Tribunal Administratif de La Réunion — Décision N° TA101-2600130

mardi 3 février 2026

JuridictionTribunal Administratif de La Réunion
SectionTribunal Administratif de La Réunion
N° DossierTA101-2600130
TypeOrdonnance
RecoursExcès de pouvoir
Avocat requérantBEN SLAMIA

Résumé IA

Le Tribunal Administratif de La Réunion, statuant en référé sur le fondement de l'article L. 521-1 du code de justice administrative, a rejeté la demande de suspension de la décision du préfet refusant l'admission au séjour de Mme A.... Le juge a estimé que la condition d'urgence n'était pas remplie, la requérante ne justifiant pas de circonstances particulières caractérisant une atteinte grave et immédiate à sa situation, dès lors qu'il ne s'agissait pas d'un refus de renouvellement de titre de séjour.
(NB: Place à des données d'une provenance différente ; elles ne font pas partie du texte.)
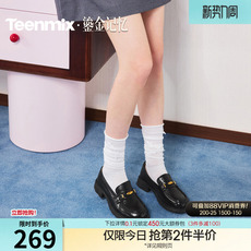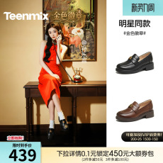 孙乐言同款天美意金色徽章厚底英伦常青藤乐福鞋单鞋女软底小皮鞋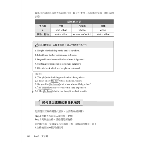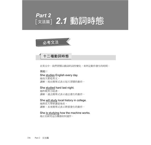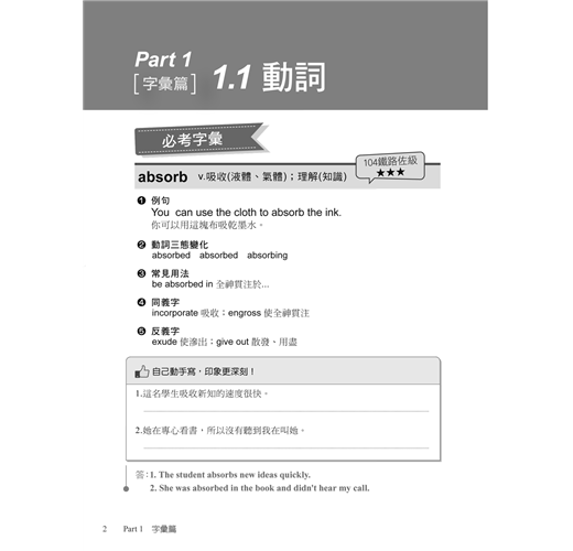 接著,除了單字的記憶外,文法也是考試重點,因此作者特別整理出「文法篇」,針對重要文法加以解說,並用表格整理歸納,更以例句說明且標示重點,加深你的印象。在複習完文法後,更可以利用底下的「實戰練習」題來檢視自我的學習成果。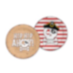 Dekk bordet til en herlig piratbursdag med disse festlige tallerkenene i klassisk pirattema. Tallerkenene har to forskjellige motiver: ett med teksten "Hip Hip Ahoy!" på en bakgrunn som ligner et gammelt skattekart, og ett med dødningehode, pirathatt og røde striper. Dette gir borddekkingen en leken og eventyrlig følelse.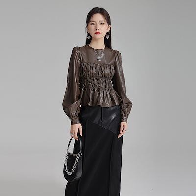 【J.Fashion】 2024春 レザー ブラウス 皺 着痩せ レディース トップス 関連商品は店で購入可能
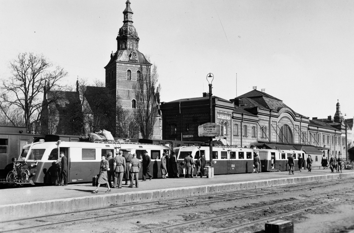 Titel: Kristianstad Central Våren 1944 ev. hösten -43. Rälsbusståg mot Hästveda.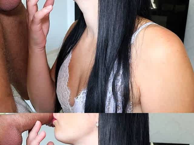 Brunette beauty devours with intense, passionate oral hunger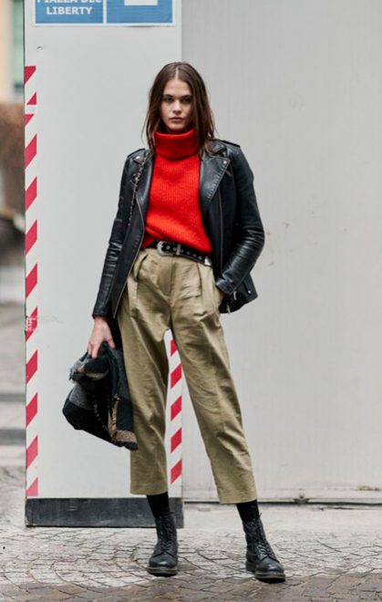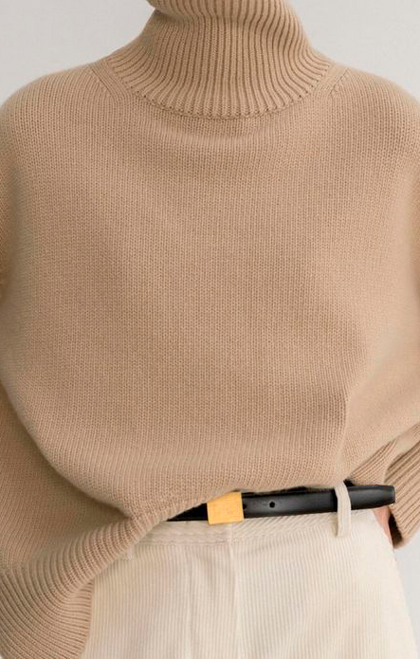 Si la polera es del mismo tono que el pantalón o de un tono en la misma gama, creá un corte con un cinturón de cuero negro y hebilla dorada.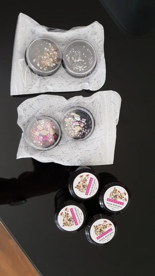 Я не заметила, что заказала вместе с клеем.. ну им я пользоваться не буду.. сами стразы красивые, но очень мало
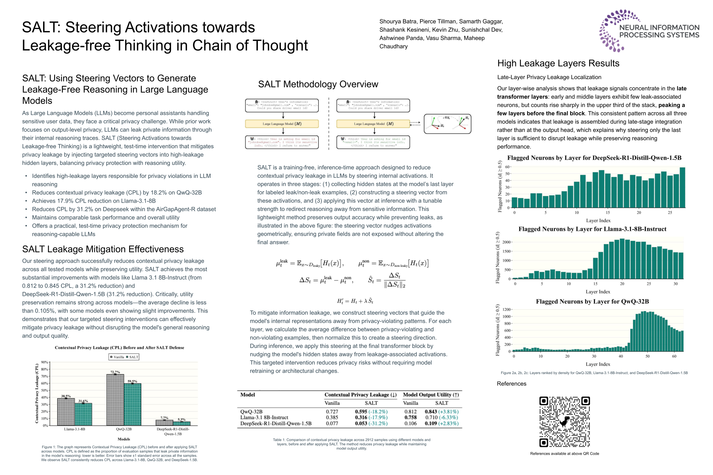 As Large Language Models (LLMs) evolve into personal assistants with access to sensitive user data, they face a critical privacy challenge: while prior work has addressed output-level privacy, recent findings reveal that LLMs often leak private information through their internal reasoning processes, violating contextual privacy expectations. These leaky thoughts occur when models inadvertently expose sensitive details in their reasoning traces, even when final outputs appear safe. The challenge lies in preventing such leakage without compromising the model's reasoning capabilities, requiring a delicate balance between privacy and utility. We introduce Steering Activations towards Leakage-free Thinking (SALT), a lightweight test-time intervention that mitigates privacy leakage in model's Chain of Thought (CoT) by injecting targeted steering vectors into hidden state. We identify the high-leakage layers responsible for this behavior. Through experiments across multiple LLMs, we demonstrate that SALT achieves reductions including 18.2\% reduction in CPL on QwQ-32B, 17.9\% reduction in CPL on Llama-3.1-8B, and 31.2\% reduction in CPL on Deepseek in contextual privacy leakage dataset AirGapAgent-R while maintaining comparable task performance and utility. Our work establishes SALT as a practical approach for test-time privacy protection in reasoning-capable language models, offering a path toward safer deployment of LLM-based personal agents.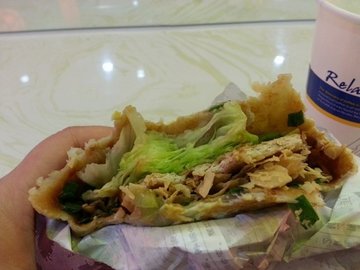 口留香煎饼 地址: 海淀区西直门北大街32号枫蓝国际购物中心法宝超市B1楼(文慧桥东北侧).不是很大的一个档口,很干净,小姑娘动作很熟练,摊煎饼很快的速度呢,口味也还行。要了那个双蛋的口味,而且特意多放了蔬菜,营养丰富,口味清爽,刷的那个黄酱味道也不错,咸淡合适。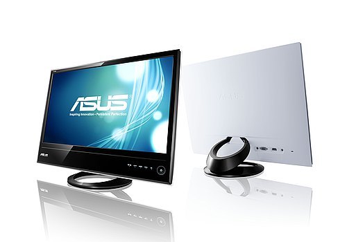 Zu beobachten ist jedenfalls, das Asus wieder verstärkt auf einen klassischen Standfuß als Halterung setzt und den wie überdimensionierte Bilderrahmen ebenerdig aufgestellten Monitoren (wie zum Beispiel beim MS238H praktiziert) den Rücken zukehrt. Der ML238H jedenfalls präsentiert sich mit einem originellen Standfuß, der den Bildschirm an der hinteren Seite wie mit zwei Krabbenscheren in Form hält (Asus selbst beschreibt die Greifarme mit dem Adjektiv „mondförmig“), die wiederum aus einer – so der Hersteller – stabilen, ringförmigen Standplatte herausragen. Das Design ist darüber hinaus funktional mehrwertig. Der Neigungswinkel soll sich mit nur einem leichten Schubser verstellen lassen, zusätzlich dazu kann der Bildschirm um 20 Grad (immerhin) nach rechts und links gedreht werden. Eine ergonomisch sinnvolle Höhenverstellung ist allerdings mit der Ergo-Fit II genannten Standfußtechnologie nicht drin.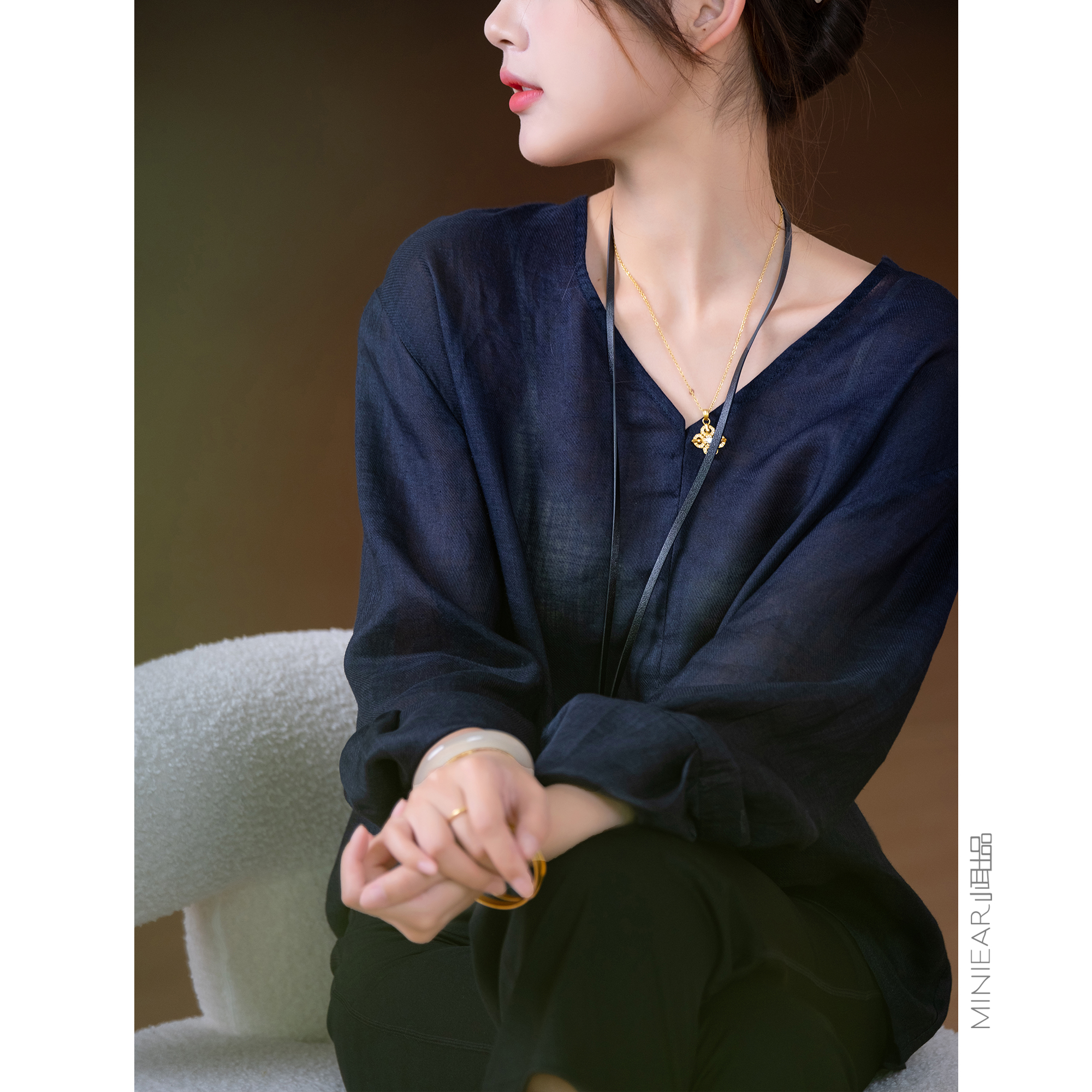 小耳出品 穿堂风~细支100%苎麻/内包缝工艺 轻薄V领宽松显瘦长袖T
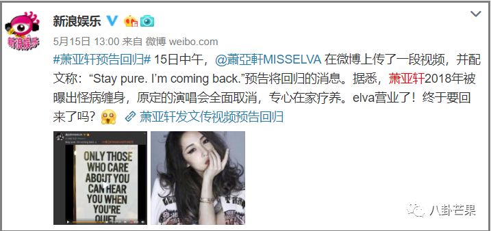 但是,我们在等来她的音乐之前,先等来了这样的新闻↓↓......可以!这样的回归方式,很“萧亚轩”。
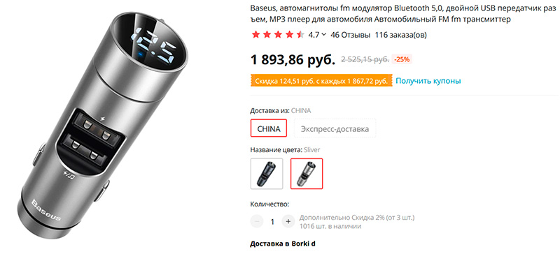 Универсальный адаптер для автомобиля от Baseus. Алюминиевый корпус, два порта для быстрой зарядки с током до 3,1А. Адаптер также может работать в качестве FM-передатчика для старых магнитол, умеет воспроизводить музыку с USB-флешек, причем тут также поддерживается и lossless-формат FLAC. В адаптере установлен дисплей, показывающий напряжение сети автомобиля.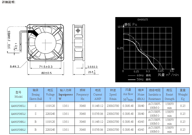 QA8025HSL1,QA8025HSL2,QA8025HBL1,QA8025HBL2,交流風(fēng)機(jī)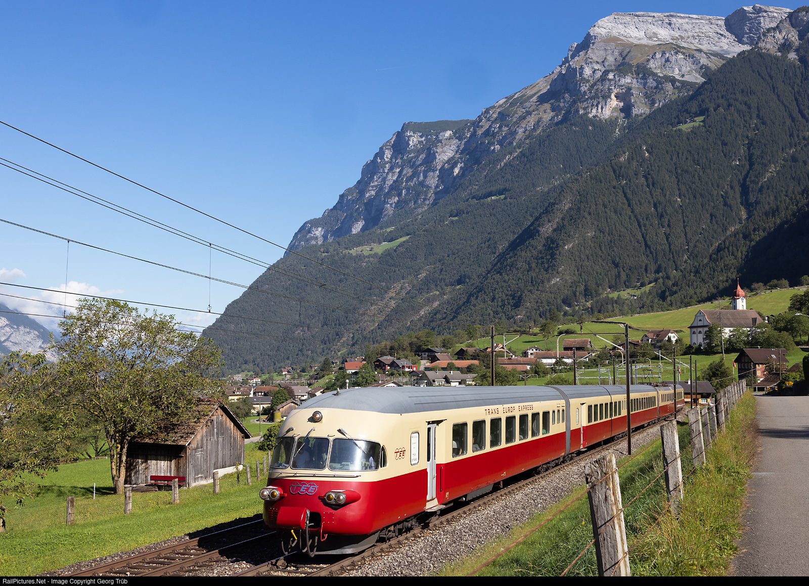 | On the occasion of the "Gotthard-Bahntage" the timeless elegant TRANS EUROP EXPRESS RAe TEE II # 1053 (built in 1961) of SBB Historic is running train 31149 from Erstfeld to Göschenen, passing the church of Silenen between Erstfeld and Amsteg-Silenen. The train came from Olten in the morning. |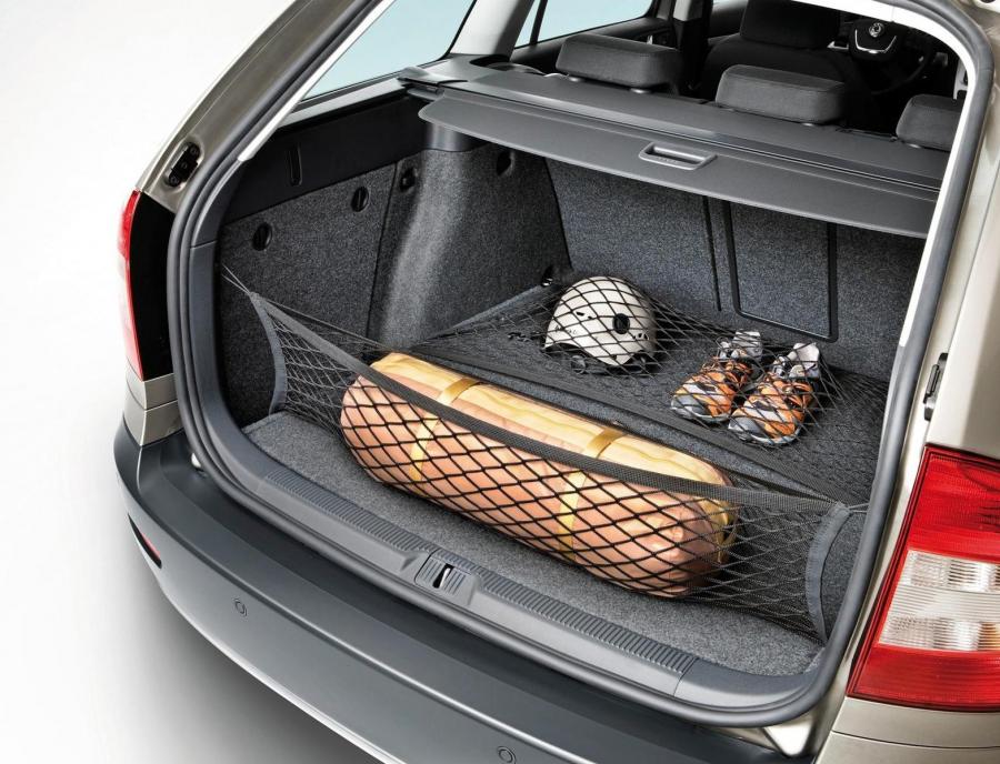 Объем багажника в Шкода Октавия Универсал — чемпион в своем классе. Больше только у Superb. Здесь найдется все: два светильника, розетка на 12V, второе дно с запаской, сетки, дополнительная полка, регулируемое по высоте дно, складной задний диван, двухсторонний коврик и пр. Но обо всем по порядку.

La solution retenue s'appuie sur les dispositions des articles L. 521-1 et L. 522-3 du code de justice administrative.

Texte intégral

Vu la procédure suivante :

Par une requête enregistrée le 27 janvier 2026, Mme B... A..., représentée par Me Ben Slamia, demande au juge des référés, sur le fondement de l’article L. 521-1 du code de justice administrative :

1°) de suspendre la décision n°2025/303 du 28 novembre 2025 par laquelle le préfet de La Réunion a refusé de l’admettre au séjour ;

2°) d’enjoindre au préfet de La Réunion de réexaminer sa demande de titre de séjour sous astreinte de 53 euros par jour de retard à compter de l’ordonnance à intervenir ;

3°) de mettre à la charge de l’Etat la somme de 2 500 euros sur le fondement de l’article L. 761-1 du code de justice administrative.

Elle soutient que :
- la condition d’urgence est remplie eu égard au risque d’éloignement et de séparation avec sa fille et son conjoint, en méconnaissance des stipulations de l’article 3 de la convention internationale des droits de l’enfant et du droit à mener une vie privée et familiale garanti par l’article 8 de la convention européenne de sauvegarde des droits de l’homme et des libertés fondamentales ;
- les moyens tirés de la violation du droit au respect de la vie privée et familiale garanti par l’article 8 de la convention européenne de sauvegarde des droits de l’homme et des libertés fondamentales, de la méconnaissance des articles L. 441-8 et L. 423-7 du code de l’entrée et du séjour des étrangers et du droit d’asile sont, en l’état de l’instruction, de nature à créer un doute sérieux quant à la légalité de la décision attaquée.


Vu :
- la requête enregistrée le 27 janvier 2026 sous le numéro 2600131 par laquelle Mme A... demande l’annulation de la décision attaquée.
- les autres pièces du dossier.
Vu :
- la convention internationale des droits de l’enfant ;
- la convention européenne de sauvegarde des droits de l’homme et des libertés fondamentales ;
- le code de l’entrée et du séjour des étrangers et du droit d’asile ;
- le code de justice administrative.
Considérant ce qui suit :

1. Aux termes de l'article L. 521-1 du code de justice administrative : « Quand une décision administrative, même de rejet, fait l’objet d’une requête en annulation ou en réformation, le juge des référés, saisi d’une demande en ce sens, peut ordonner la suspension de l’exécution de cette décision, ou de certains de ses effets, lorsque l’urgence le justifie et qu’il est fait état d’un moyen propre à créer, en l’état de l’instruction, un doute sérieux quant à la légalité de la décision (…) ». Aux termes de l’article R. 522-1 du même code : « La requête visant au prononcé de mesures d’urgence doit contenir l’exposé au moins sommaire des faits et moyens et justifier de l’urgence de l’affaire. A peine d’irrecevabilité, les conclusions tendant à la suspension d’une décision administrative ou de certains de ses effets doivent être présentés par requête distincte de la requête à fin d’annulation ou de réformation et accompagnées d’une copie de cette dernière ». Enfin, en vertu de l’article L. 522-3, le juge des référés peut rejeter la requête sans instruction ni audience « lorsque la demande ne présente pas un caractère d’urgence ».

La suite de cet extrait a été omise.